For a given amplicon panel, error estimation at each genomic position, for each alternative nucleotide and for each of the two strands requires availability of amplicon-based data from N normal sample files. Although we don’t enforce a minimum value for N, values below 10 are likely to give low-quality error estimations. In general, we suggest using as many normal samples as possible when training the error matrix for your panel. If normal samples are not available, AmpliSolveErrorEstimation assigns a constant error rate to all positions, nucleotides and strands in the panel. The default constant error is 0.01 but the user can specify a different value if needed (e.g. for different sequencing platforms). Note that AmpliSolveErrorEstimation does not take bam files as input but rather bam-derived read count files. Read count files can be obtained by running the program ASEQ [16]. Once the read count files have been produced, the user needs to set the value of the C pseudo-count parameter (eq. (1)). The choice of C will depend on the trade-off between precision and sensitivity the user is interested in. Users can refer to the benchmarking experiments performed in this paper. In general, values of C between 0.001 and 0.01 should suit most applications.

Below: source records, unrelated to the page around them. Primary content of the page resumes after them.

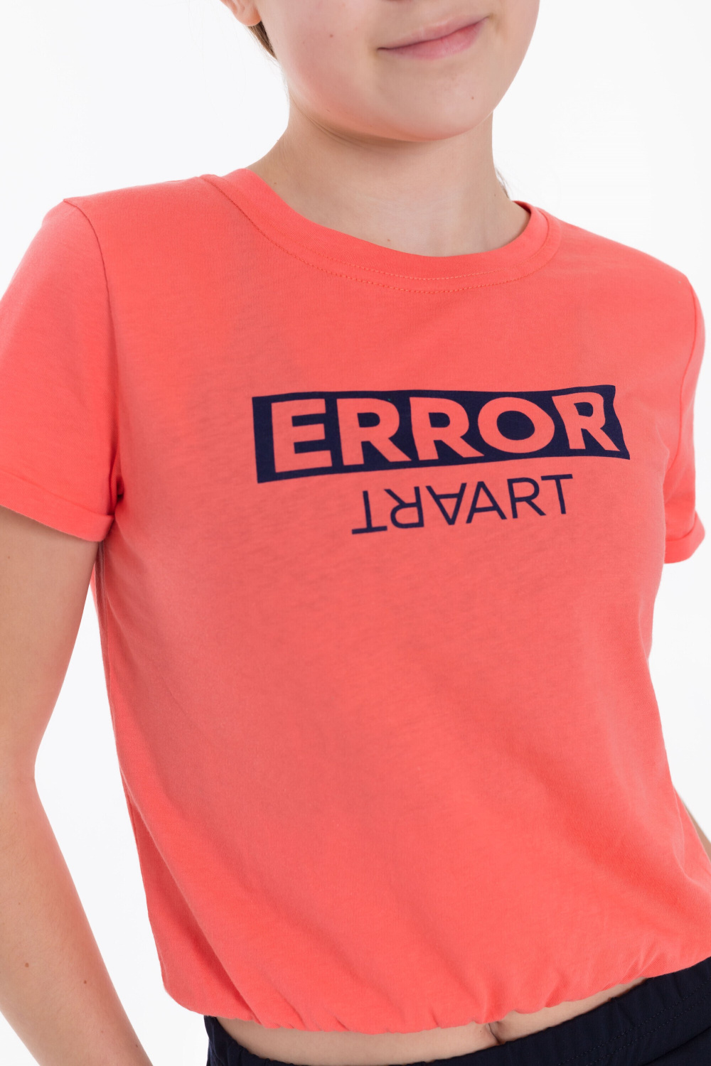 Футболка из х/б полотна, с коротким втачным рукавом, манжетами по низу и принтом спереди, низ футболки на резинке.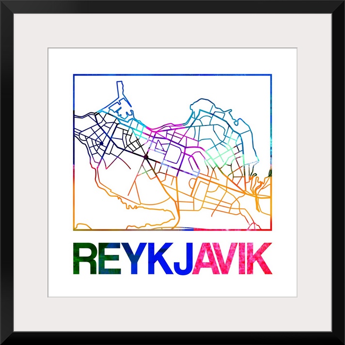 <p>Colorful map of the streets of Reykjavik, Iceland.</p>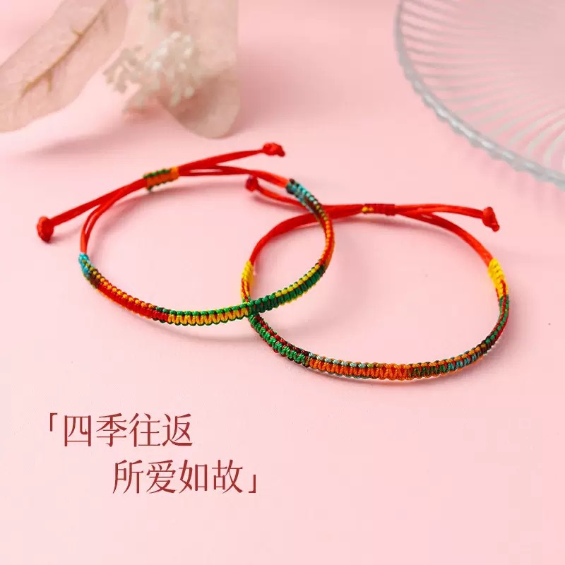 五彩绳手绳本命年红绳手链男女儿童情侣款手工编织绳送礼物纯手工

Once the error matrix has been calculated, it can be fed to the AmpliSolveVariantCalling program together with read count files for the tumor samples again to be produced by running ASEQ. Note that AmpliSolveVariantCalling does not require matched normal-tumor samples for calling SNVs. In fact, AmpliSolveVariantCalling calls all variants it can find in the tumor sample, including germline variants. To separate germline from somatic variants users will need to run AmpliSolveVariantCalling on a matched normal sample and take the difference between the two output files. Command-line syntax for running AmpliSolveErrorEstimation and AmpliSolveVariantCalling is provided on github.